Australia has now begun easing COVID-19 restrictions with even more normality on the horizon when more restrictions lift on 1 June 2020. But there has been some discussion over a “second wave” of coronavirus; what it is, could it happen and how could we stop it are all questions being asked surrounding the topic.
Some people are looking towards the behaviour of the 1918 Spanish flu to build a case for the possibility of a second COVID-19 wave. The Spanish flu arrived, lockdown measures were put in place and it subsided. It then came back with a vengeance and claimed more lives than it did before it began to subside.
Medically the Spanish flu and COVID-19 are both respiratory illnesses which can present with similar symptoms but they spread in different ways and are ultimately not the same virus. However, as not only Australia but the world begins to lift restrictions we are all waiting to see if history will repeat itself with a second wave.
What is a “second wave” and what would cause it if it were to happen?
A “second wave” is when infections of a virus appear to be declining but then they increase again resulting in infections spiking again. COVID-19 transmits very easily, meaning it spreads and infects with alarming ease. Without control measures like social distancing, the virus would find it even easier than it already does to transmit, as more people would be coming into contact with it.
The lockdown measures we have been living with have been preventing or limiting our contact with other people, thus preventing or limiting our contact to the virus which could come from other people or infected surfaces. But as restrictions are eased a whole lot of people that weren’t moving around before begin to increase their exposure to possible virus sources.
It isn’t yet known if you are immune to COVID-19 once you have had it once but if you do then because of restrictions only a small amount of people will have gained this immunity, meaning there could be enough people still vulnerable to the virus to fuel a second wave.
It is possible for Australia to achieve herd immunity (having enough people immune to the virus to protect those who are not) if it turns out that you can’t get COVID-19 again, but it would likely result in many deaths.
Not having herd immunity could be one possible cause for a second wave but in Australia it is more likely that a second wave would be a result of not being able to trace and isolate cases as we are not working towards herd immunity.
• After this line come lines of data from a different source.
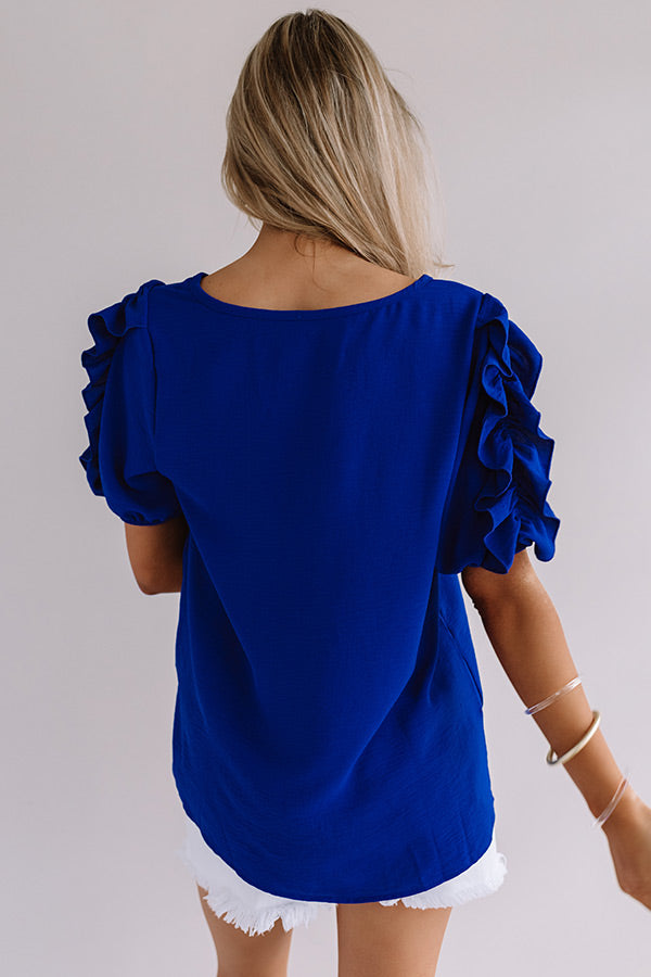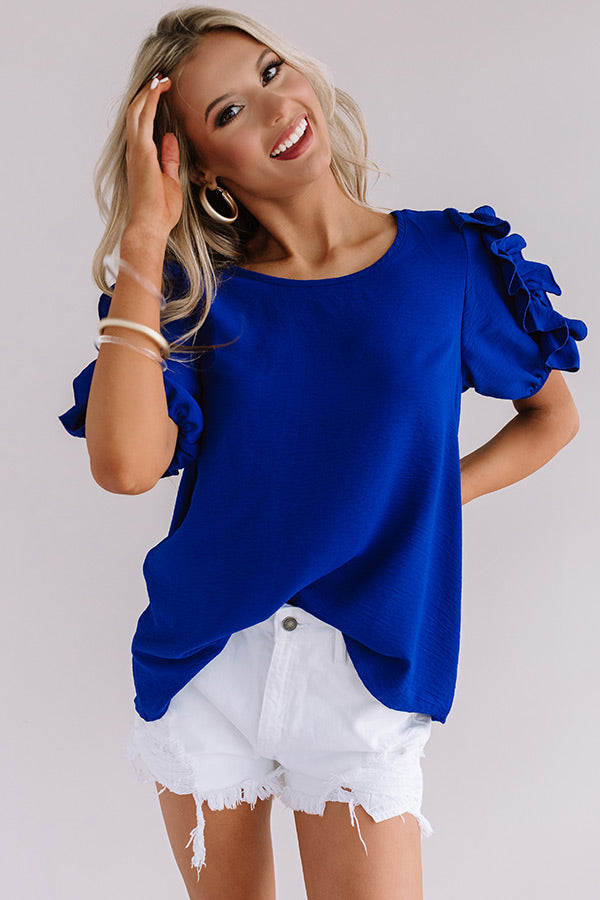 Live life to the fullest in our vibrant royal blue "Talkin' About Tulum Shift Top" featuring lightweight breezy material, a high rounded neckline, loose short sleeves with fitted elastic band cuffs and oversized ruffle detailing, and a relaxed silhouette that falls into a straight hemline! You can style this eye-catching piece a variety of ways, like with some distressed jeans and a black heel and tote, but you can also wear it with some frayed white shorts, "The Cameron Espadrille in Hot Pink," and our "Tour De Chic Gingham Hat in Pink!" Measurements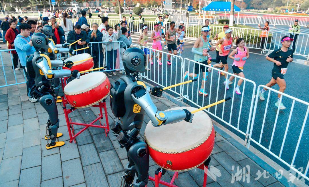 2025光谷马拉松,人形机器人为跑者击鼓助威。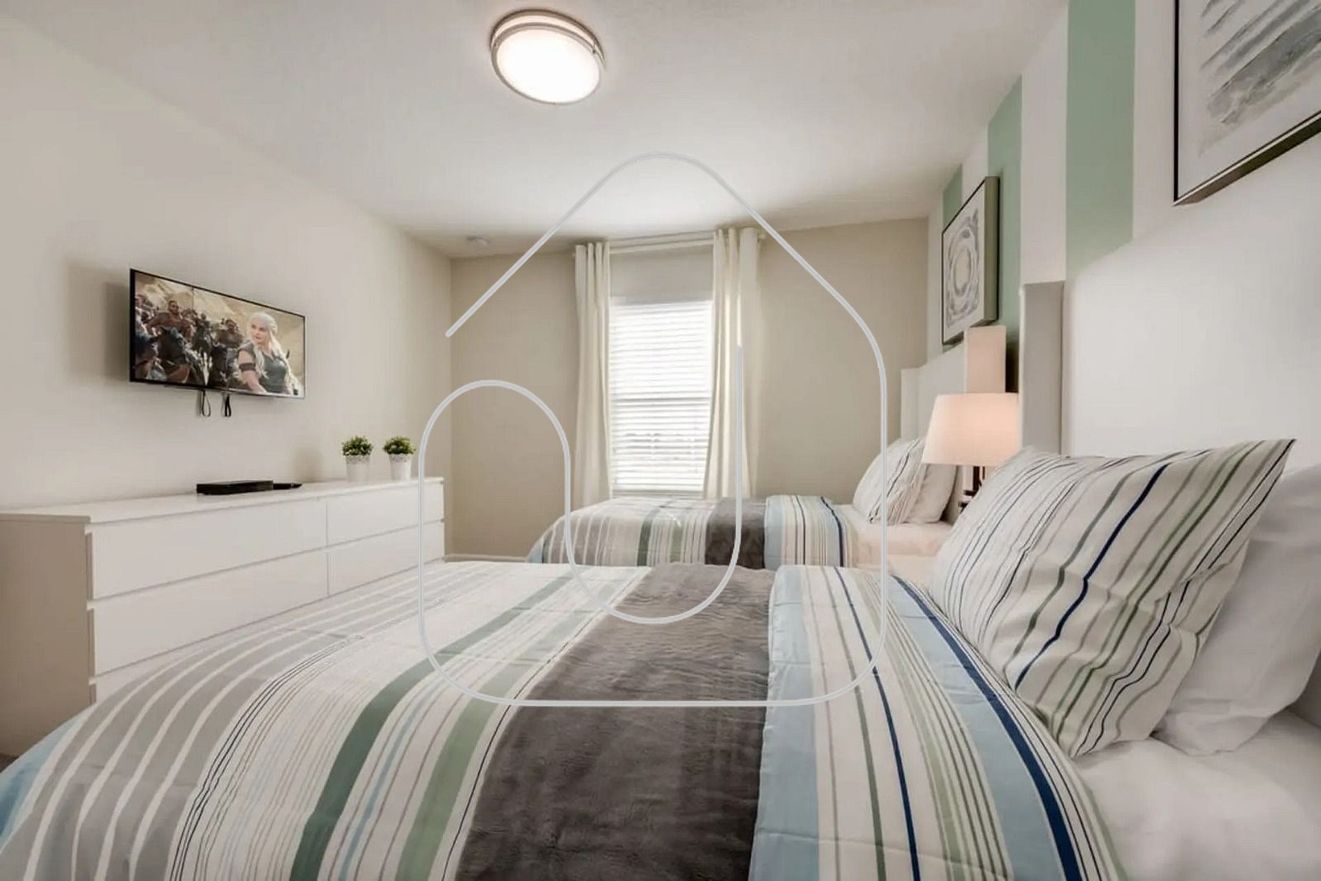 Bedroom 4 (Upstairs): 2 Twin beds — shares a full bathroom with Bedroom 3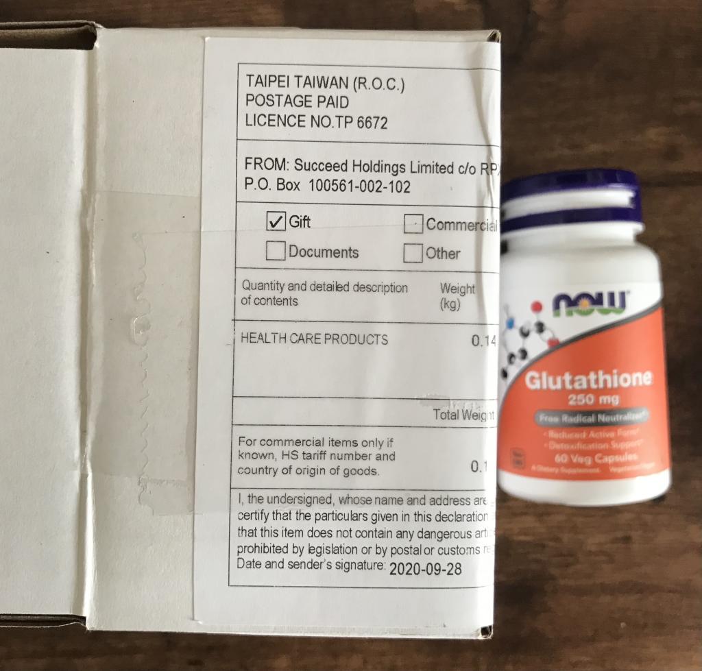 注文後いつもスムーズに届きます。今回はグルタチオンを頼みました。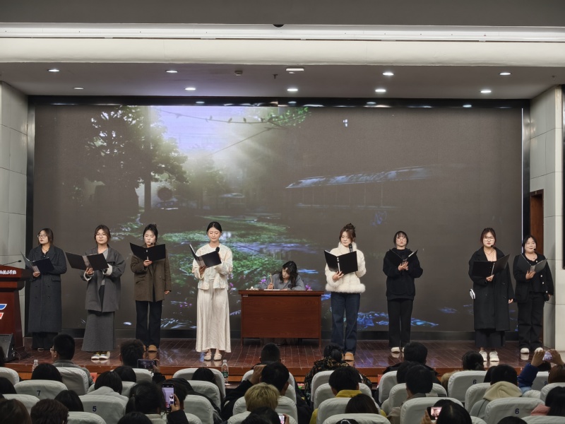 为充分展现数商学院2025级新生的青春风采,丰富校园文化生活,12月3日晚,由校团委主办、数字商贸学院承办的“经纬织梦”校园文化艺术节系列活动之“星耀数商新艺绽放”新生才艺秀在图文报告厅隆重举行。学院党总支书记林洁、党总支副书记乔正明、校团委挂职副书记聂洋、各二级学院团委书记莅临现场并担任评委。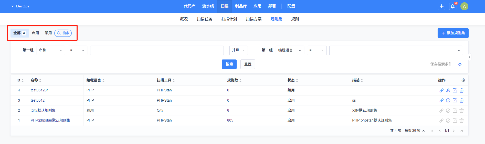 在规则列表表格上方,设有 “启用”“禁用” 的检索标签。点击相应标签,即可筛选出对应分类下的所有规则集。
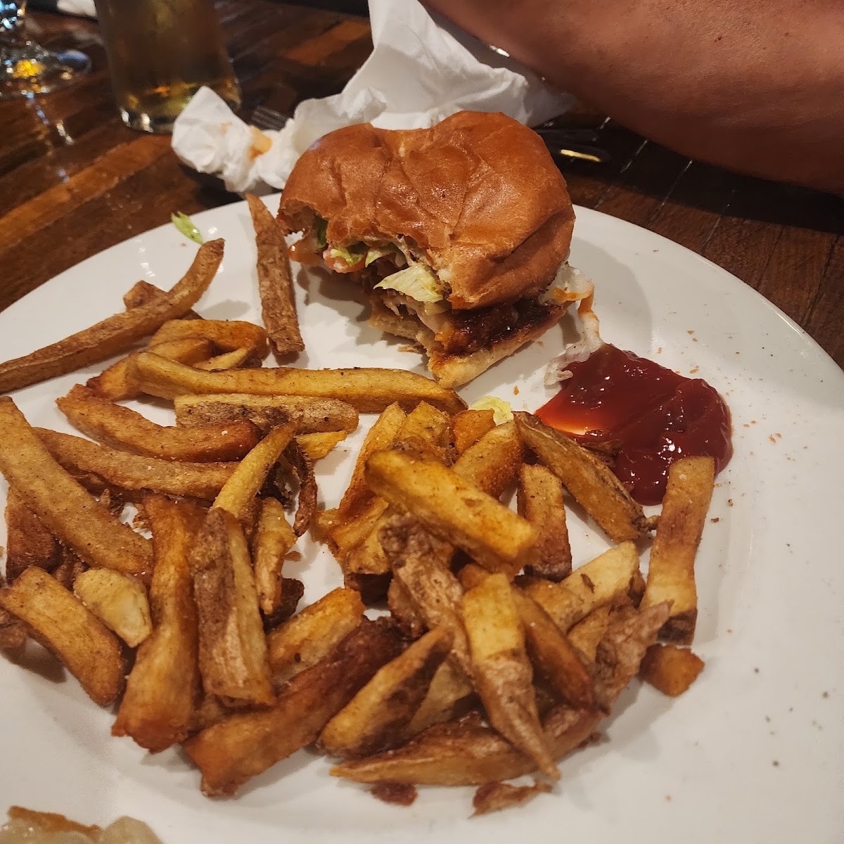 The ambiance often comes alive with live music nights, where talented local artists set the tone for a relaxed evening. Sports fans aren’t left out either - multiple screens around the bar mean you can catch your favorite games while enjoying some Pound O Wings or Sweet Potato Fries.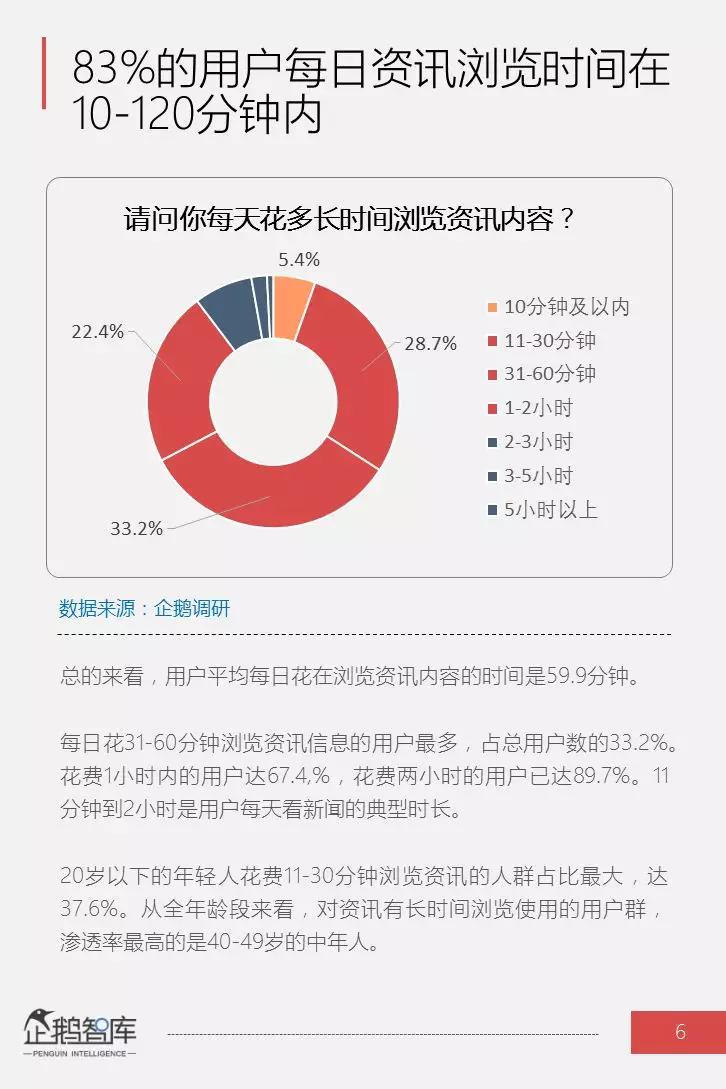 2019年,中国新闻资讯网民用户,每天人均浏览新闻资讯时长为59.9分钟。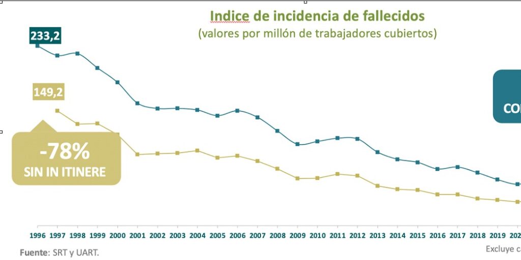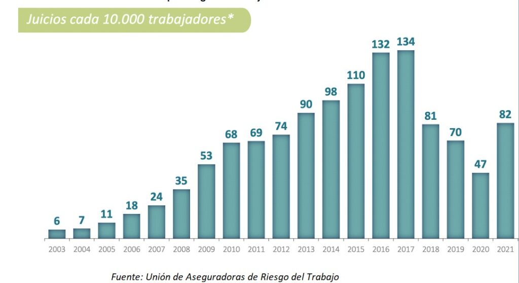 Paréntesis: el fenómeno de la litigiosidad crece descontroladamente cuando en las últimas décadas fue continua la baja de los índices de siniestralidad general y de muertes ocurridas en lugares de trabajo o en los trayectos desde y hacia las empresas o espacios donde se desarrollan las tarea. Ello, a pesar de la creación de tipos de trabajo con mayor exposición al riesgo (las aplicaciones, las motitos, el home office).
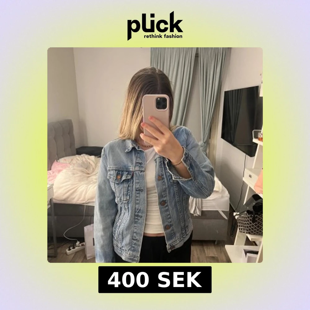 Säljer en klassisk ljusblå jeansjacka från Levi's med snygga bronsfärgade knappar och två bröstfickor med lock. Jackan har en rak passform och är tillverkad i slitstarkt denim. Perfekt att slänga över en t-shirt för en chill look.

What would a second wave mean for us and why would it be worse than the first wave?
It would mean that lockdown measures would be reintroduced and most likely be harsher than before. Dr Chris Moy, the president of the Australian Medical Association in South Australia told the SBS that a second wave could be worse because the virus would be stemming from community transmission, meaning we won’t know exactly where it is coming from, making it harder to control and fight. The “enemy” that is COVID-19 would essentially be attacking us from all angles while our eyes are closed.
How can we prevent a second wave?
By keeping up high levels of testing, continuing to vigilantly track and trace the virus and a slow, gradual easing of restrictions are our best weapons against a possible “second wave”.
So far the easing of restrictions in Australia has not prompted a second wave but that doesn’t mean that the pandemic is over.
Testing is important because the more tests we do the more cases we are able to identify meaning the more cases we can isolate and the more cases we can prevent by having that case in isolation. Tracing works on a similar premise. If we know all the people that might have come into contact with a case we can quarantine them preventing an outbreak.
All of these measures are us acting on the virus not reacting to it this is how we prevent a second wave.
It is not clear if a second wave will even come but by being informed about the possibility we are able to be better prepared if it was to become a reality.